Understanding Hamiltonian Conservation Laws

[Physgeek64]

I'm a little confused about the hamiltonian.

Once you have the hamiltonian how can you find conserved quantities. I understand that if it has no explicit dependence on time then the hamiltonian itself is conserved, but how would you get specific conservation laws from this?

Many thanks

 

[vanhees71]

Unfortunately you do not tell us about your level. Do you know Poisson brackets? If so, you question is quite easy to answer. Suppose you have an arbitrary phase-space function $f(t,q^k,p_j)$ ($k,j \in \{1,\ldots,f \}$) then the total time derivative is
$$\frac{\mathrm{d}}{ \mathrm{d} t} f=\dot{q}^k \frac{\partial f}{\partial q^k}+\dot{p}_j \frac{\partial f}{\partial p_j} + \partial_t f,$$
where the latter partial time derivative refers to the explicit time dependence of $f$ only.
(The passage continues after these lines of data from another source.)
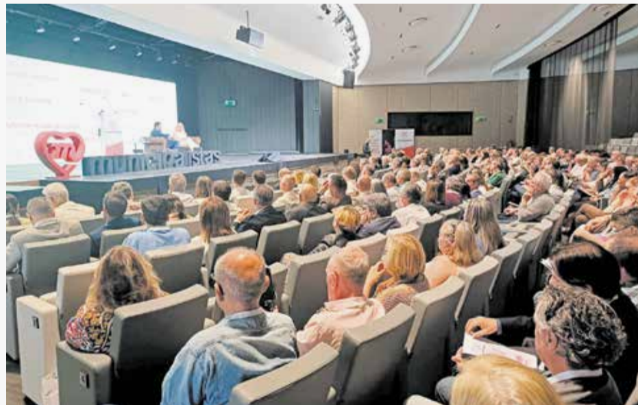
Enuentro de la Unión Municipalista en Madrid.

"La dana ha puesto de manifiesto la incapacidad de los grandes partidos para centrarse en el bien de la gente, plegados a sus estrategias políticas. Desde el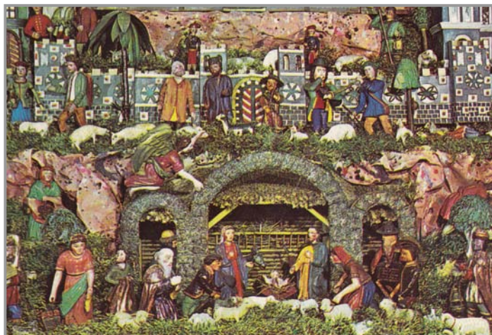
Příbramské jesličky s daráky ze dřeva, vyřezal Augustin Rotek ze Starého Podlesí

PODLESÁK ■ Čtvrtletník ■ Své příspěvky zasílejte na adresu zpravodaj@obecpodlesi.cz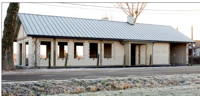
Budowa sali w Walentynowie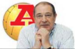
POR EDUARDO BARROSO

A tão apregoada superioridade dos plantéis de Porto e Benfica em relação ao do meu Sporting é e foi um exagero anunciado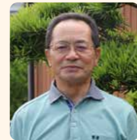
瑞宝単光章(郵政業務功労)

昭和35年から中学校教諭となり、昭和38年に高校教諭へ転身されました。日南農林高校に昭和44年から平成8年まで27年間務められ、教頭や校長を歴任されました。農業教育で先導的な役割を果たされました。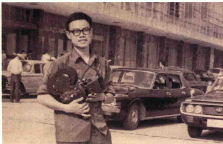
手持电影摄影机的叶永烈在广州

Now use the Hamilton equations of motion
$$\dot{q}^k=\frac{\partial H}{\partial p_k}, \quad \dot{p}_j=-\frac{\partial H}{\partial q^j}.$$
Plugging this in the time derivative you get
$$\frac{\mathrm{d}}{ \mathrm{d} t} f=\frac{\partial f}{\partial q^k} \frac{\partial H}{\partial p_k} - \frac{\partial f}{\partial p_j} \frac{\partial H}{\partial q^j} + \partial_t f=\{f,H \}+\partial_t f.$$
A quantity is thus obviously conserved by definition if this expression vanishes.
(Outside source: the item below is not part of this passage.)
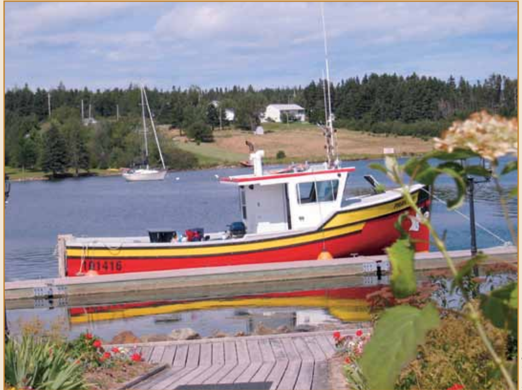
La petite marina de St. Peters juste au NO du canal.

À avoir tant musardé, on sera content de retrouver la civilisation à Baddeck. Amateurs de régates, vous serez comblés. Le quai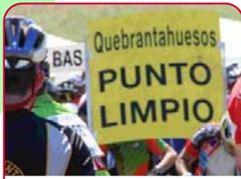
Punto limpio en la QH

Hace pocos días en la sala de conferencias de ERZENDESA de Zaragoza se celebraron las 4ª Jornadas de Senderismo y Naturaleza organizadas por Os Andarines d'Aragón. Una de las conferencias trató el tema "marcha Cicloturista Quebrantahuesos" enfocada principalmente a los esfuerzos que se realizan desde la organización a favor del respeto al medio ambiente, a través de las iniciativas de "No tires nada" y de la recogida de basuras realizando el recorrido a pie.

Applying this to the Hamiltonian itself you get
$$\frac{\mathrm{d}}{\mathrm{d} t} H=\{H,H\}+\partial_t H=\partial_t H,$$
i.e., $H$ is conserved (along the trajectory of the system) if and only if it is not explicitly time dependent.
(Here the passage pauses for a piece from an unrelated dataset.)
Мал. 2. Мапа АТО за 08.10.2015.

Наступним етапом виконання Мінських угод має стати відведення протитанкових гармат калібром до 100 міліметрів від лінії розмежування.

Now an infinitesimal canonical transformation is generated by an arbitrary phase-space distribution function $G$,
$$\delta q^k=\frac{\partial G}{\partial p_k}\delta \alpha=\{q^k,G\} \delta \alpha, \quad \delta p_j=-\frac{\partial G}{\partial q^j} \delta \alpha =\{p_j,G \} \delta \alpha, \quad \delta H=\partial_t G \delta \alpha.$$
From this it is easy to show that
$$H'(t,q+\delta q,p+\delta p) = H(t,q,p),$$
i.e., that the infinitesimal canonical transformation is a symmetry of the Hamiltonian, if and only if
$$\{H,G \}+\partial_t G=0,$$
but that means that
$$\frac{\mathrm{d}}{\mathrm{d} t} G=0$$
along the trajectory of the system, i.e., the generator of a symmetry transformation is a conserved quantity, and also any conserved quantity is the generator of a symmetry transformation. That means that there's a one-to-one relation between the generators of symmetries and conserved quantities, which is one of Noether's famous theorems.

 

[Physgeek64]

Unfortunately you do not tell us about your level. Do you know Poisson brackets? If so, you question is quite easy to answer. Suppose you have an arbitrary phase-space function $f(t,q^k,p_j)$ ($k,j \in \{1,\ldots,f \}$) then the total time derivative is
$$\frac{\mathrm{d}}{ \mathrm{d} t} f=\dot{q}^k \frac{\partial f}{\partial q^k}+\dot{p}_j \frac{\partial f}{\partial p_j} + \partial_t f,$$
where the latter partial time derivative refers to the explicit time dependence of $f$ only. Now use the Hamilton equations of motion
$$\dot{q}^k=\frac{\partial H}{\partial p_k}, \quad \dot{p}_j=-\frac{\partial H}{\partial q^j}.$$
Plugging this in the time derivative you get
$$\frac{\mathrm{d}}{ \mathrm{d} t} f=\frac{\partial f}{\partial q^k} \frac{\partial H}{\partial p_k} - \frac{\partial f}{\partial p_j} \frac{\partial H}{\partial q^j} + \partial_t f=\{f,H \}+\partial_t f.$$
A quantity is thus obviously conserved by definition if this expression vanishes.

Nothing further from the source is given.